[Data records]

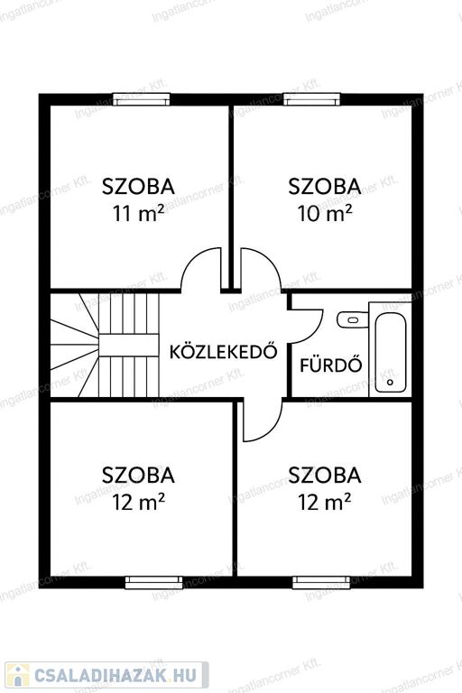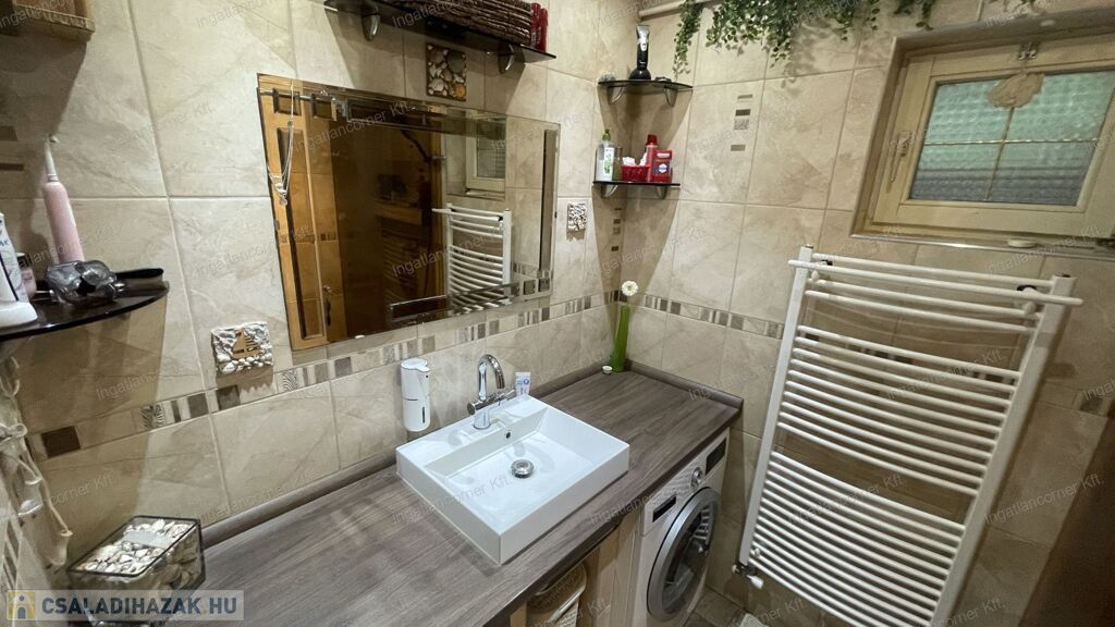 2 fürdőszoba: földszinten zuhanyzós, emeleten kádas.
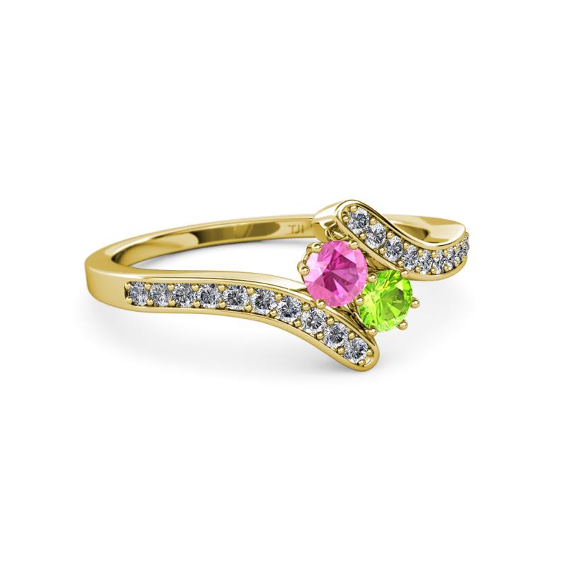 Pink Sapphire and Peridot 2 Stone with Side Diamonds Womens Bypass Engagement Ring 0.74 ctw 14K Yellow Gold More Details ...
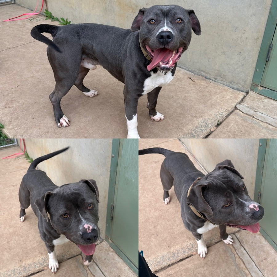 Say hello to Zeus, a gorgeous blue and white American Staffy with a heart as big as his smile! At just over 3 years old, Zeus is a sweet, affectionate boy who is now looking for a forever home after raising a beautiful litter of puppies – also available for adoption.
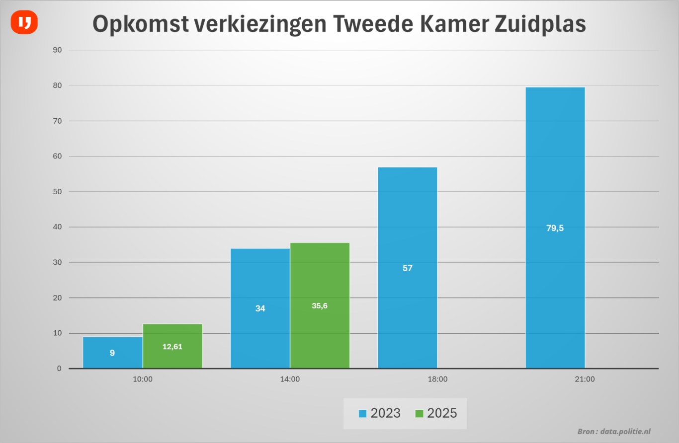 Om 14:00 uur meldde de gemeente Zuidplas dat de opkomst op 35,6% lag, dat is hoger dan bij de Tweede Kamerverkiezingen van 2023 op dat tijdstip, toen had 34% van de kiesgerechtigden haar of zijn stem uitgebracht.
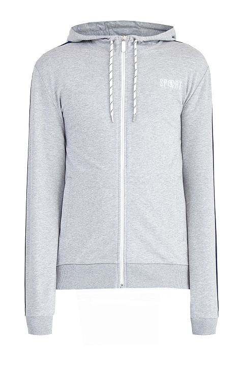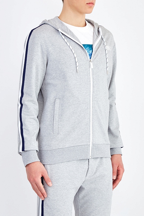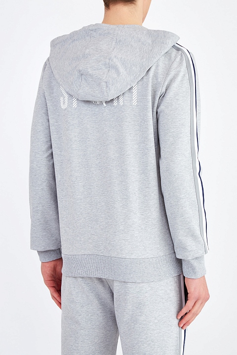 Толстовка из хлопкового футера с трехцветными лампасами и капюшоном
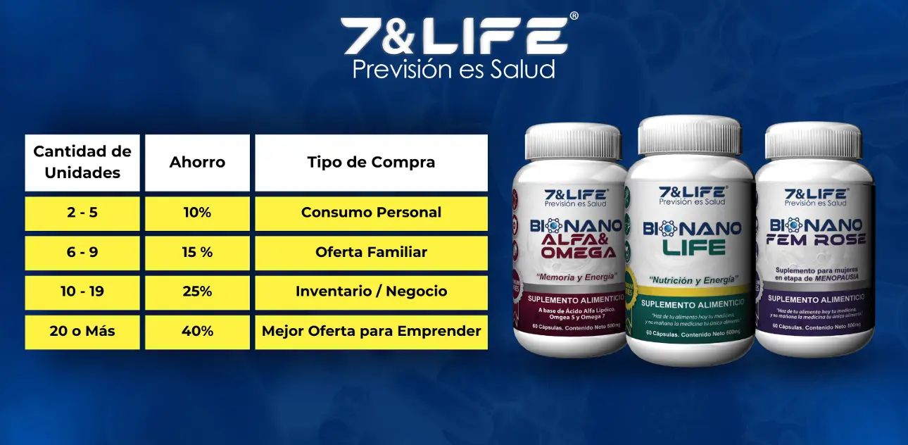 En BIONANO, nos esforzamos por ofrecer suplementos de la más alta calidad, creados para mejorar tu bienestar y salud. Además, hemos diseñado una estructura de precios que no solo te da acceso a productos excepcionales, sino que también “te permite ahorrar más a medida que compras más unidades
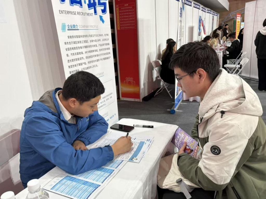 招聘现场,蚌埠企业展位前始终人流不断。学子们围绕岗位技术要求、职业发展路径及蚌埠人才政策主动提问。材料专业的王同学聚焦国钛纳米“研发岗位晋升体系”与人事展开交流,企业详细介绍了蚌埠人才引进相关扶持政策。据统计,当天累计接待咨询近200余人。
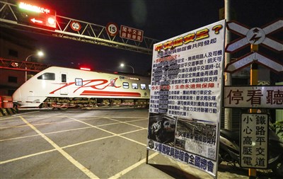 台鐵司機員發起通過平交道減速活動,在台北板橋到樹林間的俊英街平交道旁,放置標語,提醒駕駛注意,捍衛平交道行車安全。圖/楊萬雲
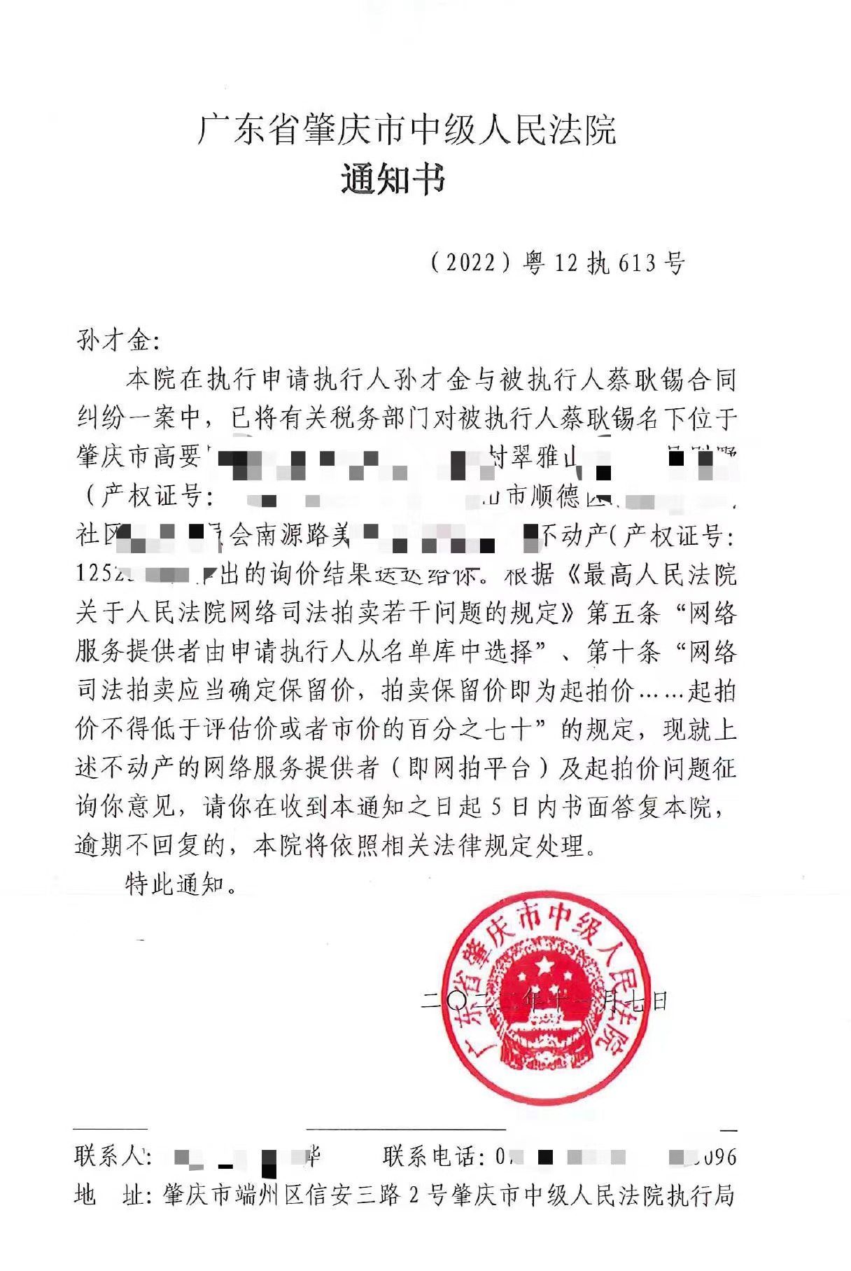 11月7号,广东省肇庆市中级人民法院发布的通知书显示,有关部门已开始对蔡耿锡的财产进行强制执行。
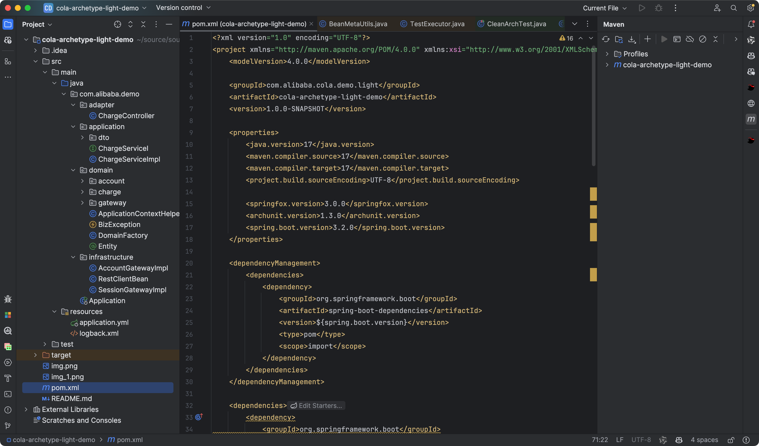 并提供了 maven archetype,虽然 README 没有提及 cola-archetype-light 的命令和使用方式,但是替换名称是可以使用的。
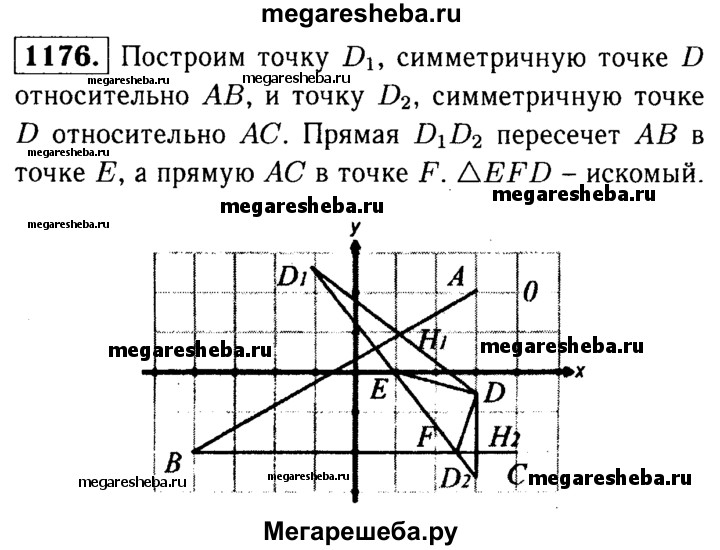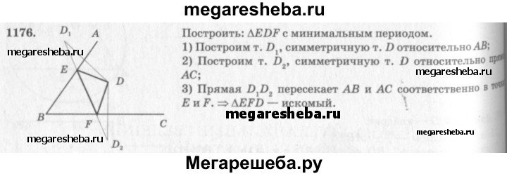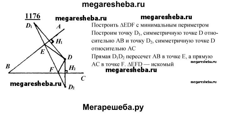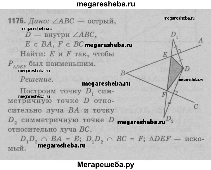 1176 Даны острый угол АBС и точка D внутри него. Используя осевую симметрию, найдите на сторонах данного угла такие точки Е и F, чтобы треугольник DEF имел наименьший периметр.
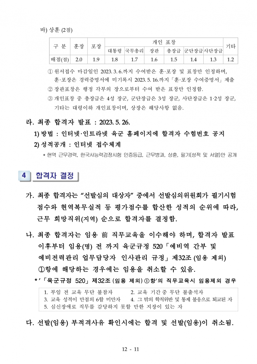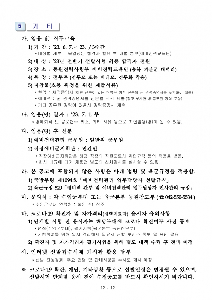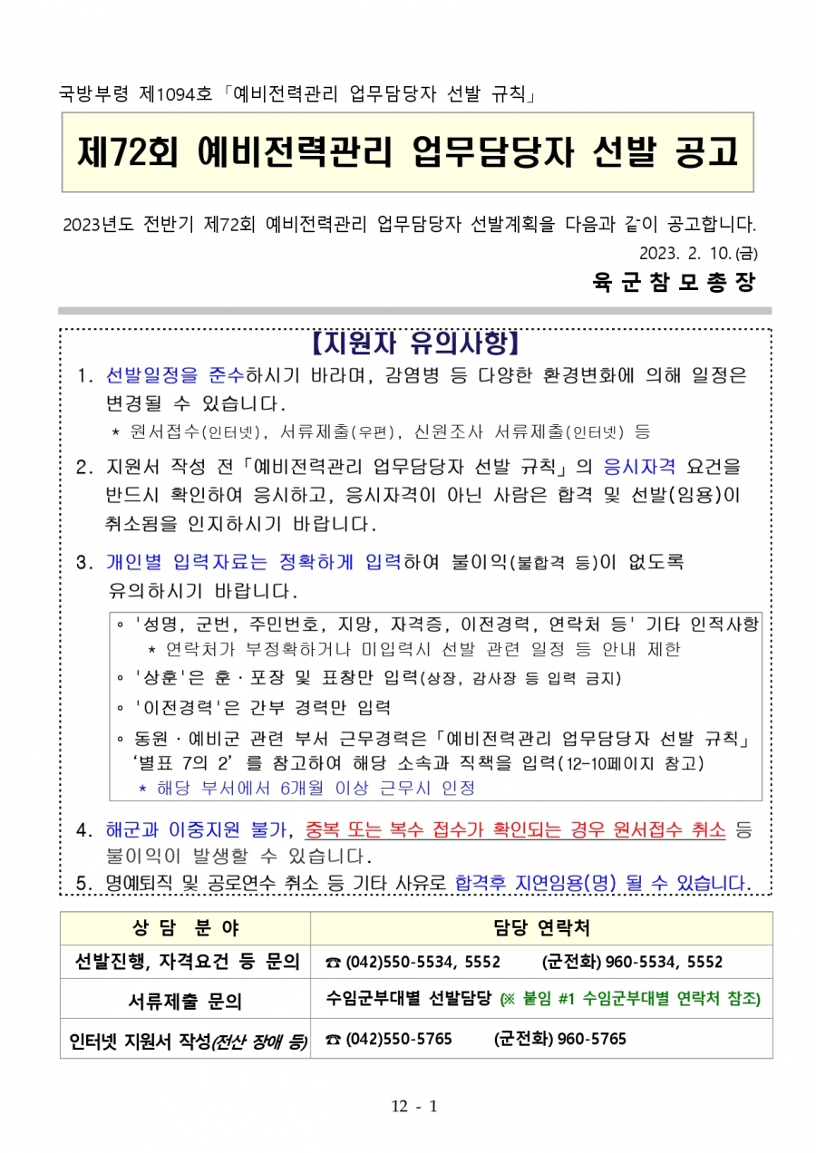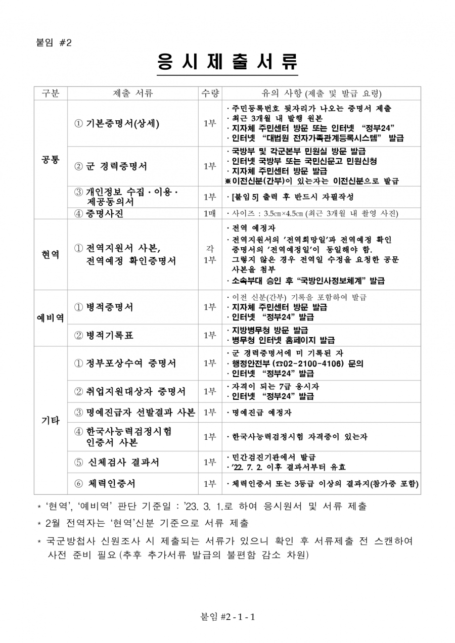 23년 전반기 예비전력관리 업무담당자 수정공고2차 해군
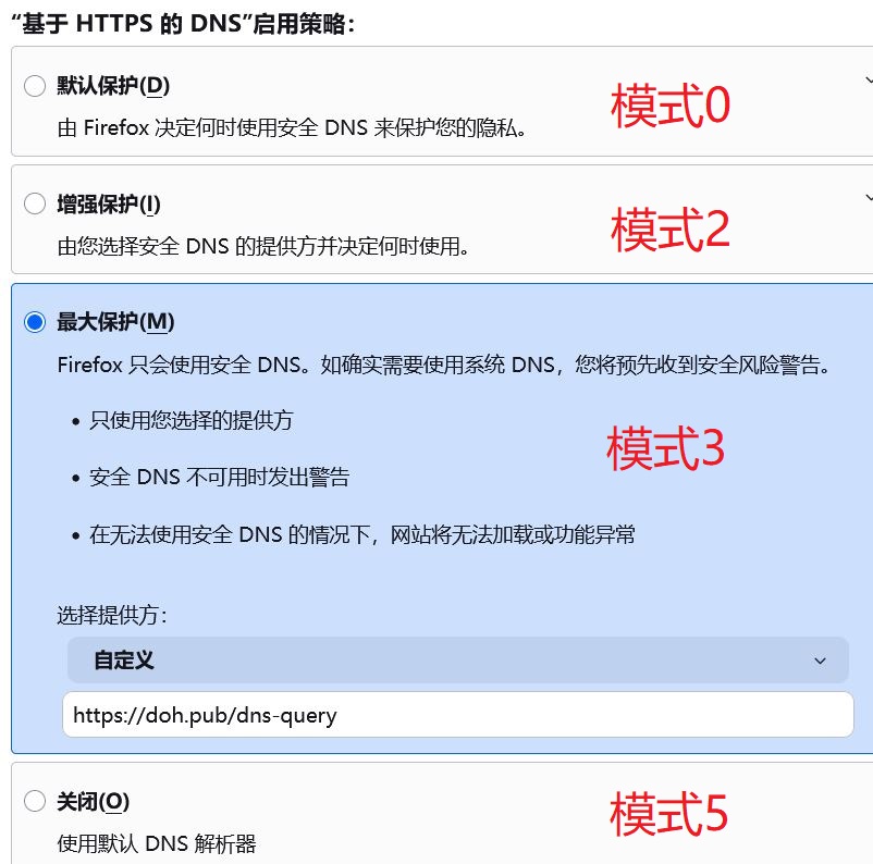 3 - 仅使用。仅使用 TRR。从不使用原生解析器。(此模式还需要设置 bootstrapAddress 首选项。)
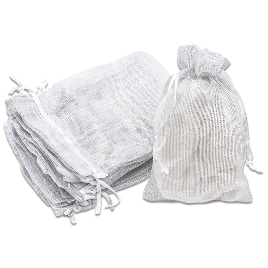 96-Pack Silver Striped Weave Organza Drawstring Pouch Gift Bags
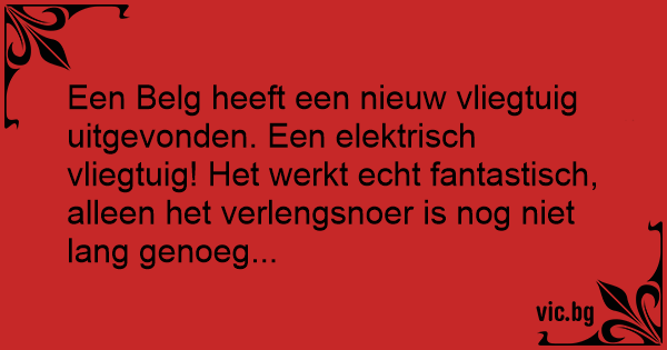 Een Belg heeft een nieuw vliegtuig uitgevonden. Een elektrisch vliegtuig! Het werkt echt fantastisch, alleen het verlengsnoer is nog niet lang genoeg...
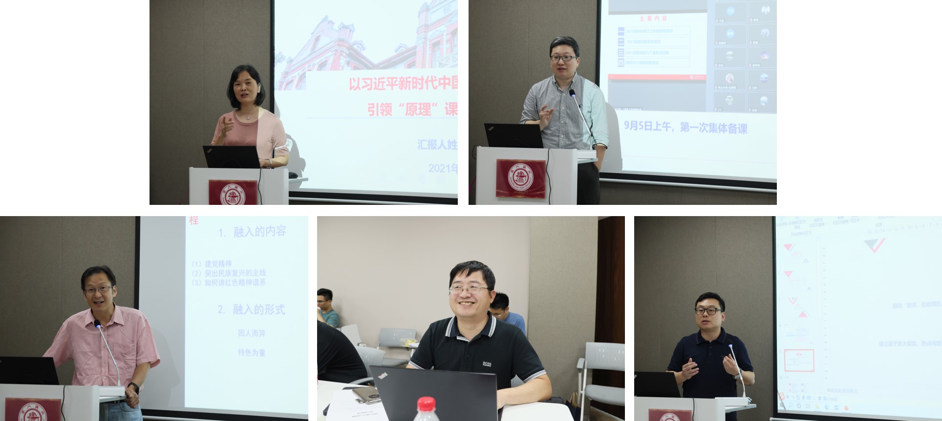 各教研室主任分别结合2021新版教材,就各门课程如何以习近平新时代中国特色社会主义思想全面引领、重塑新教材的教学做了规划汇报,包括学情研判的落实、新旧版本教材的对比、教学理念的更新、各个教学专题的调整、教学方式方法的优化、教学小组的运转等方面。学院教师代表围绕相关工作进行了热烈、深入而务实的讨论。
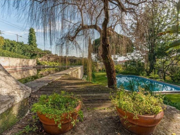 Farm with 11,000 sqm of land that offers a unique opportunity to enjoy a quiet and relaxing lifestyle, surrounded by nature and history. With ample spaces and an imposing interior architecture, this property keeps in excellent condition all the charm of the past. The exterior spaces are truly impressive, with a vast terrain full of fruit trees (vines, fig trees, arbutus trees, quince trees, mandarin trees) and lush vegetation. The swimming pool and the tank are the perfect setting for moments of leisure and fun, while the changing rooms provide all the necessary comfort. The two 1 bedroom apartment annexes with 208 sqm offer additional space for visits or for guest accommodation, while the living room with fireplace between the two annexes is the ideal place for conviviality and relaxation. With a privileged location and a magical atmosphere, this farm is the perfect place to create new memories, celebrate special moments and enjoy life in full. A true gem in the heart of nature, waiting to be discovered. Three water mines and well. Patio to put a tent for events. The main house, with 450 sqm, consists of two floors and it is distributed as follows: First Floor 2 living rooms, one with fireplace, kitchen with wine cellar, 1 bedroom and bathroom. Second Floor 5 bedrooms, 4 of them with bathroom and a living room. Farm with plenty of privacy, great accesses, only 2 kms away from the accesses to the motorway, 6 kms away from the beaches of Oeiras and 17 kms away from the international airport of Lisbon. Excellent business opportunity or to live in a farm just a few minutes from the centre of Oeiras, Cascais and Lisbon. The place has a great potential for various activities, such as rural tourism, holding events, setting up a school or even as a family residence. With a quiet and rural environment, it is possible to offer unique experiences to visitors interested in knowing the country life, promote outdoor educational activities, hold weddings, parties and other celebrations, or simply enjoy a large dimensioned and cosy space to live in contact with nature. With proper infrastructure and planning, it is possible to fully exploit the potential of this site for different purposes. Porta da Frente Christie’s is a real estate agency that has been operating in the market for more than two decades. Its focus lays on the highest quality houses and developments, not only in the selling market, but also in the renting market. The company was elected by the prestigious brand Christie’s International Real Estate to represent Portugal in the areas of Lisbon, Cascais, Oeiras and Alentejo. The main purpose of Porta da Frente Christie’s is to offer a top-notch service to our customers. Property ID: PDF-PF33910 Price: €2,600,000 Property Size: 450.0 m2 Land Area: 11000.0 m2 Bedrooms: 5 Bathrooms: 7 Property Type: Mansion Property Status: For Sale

**ACTIVITY**
Leave out the pictures. Transcribe only the lines above, from the first through the one that contains "Pink Sapphire and".

**WRITTEN RESPONSE**
 2 fürdőszoba: földszinten zuhanyzós, emeleten kádas.
 Pink Sapphire and Peridot 2 Stone with Side Diamonds Womens Bypass Engagement Ring 0.74 ctw 14K Yellow Gold More Details ...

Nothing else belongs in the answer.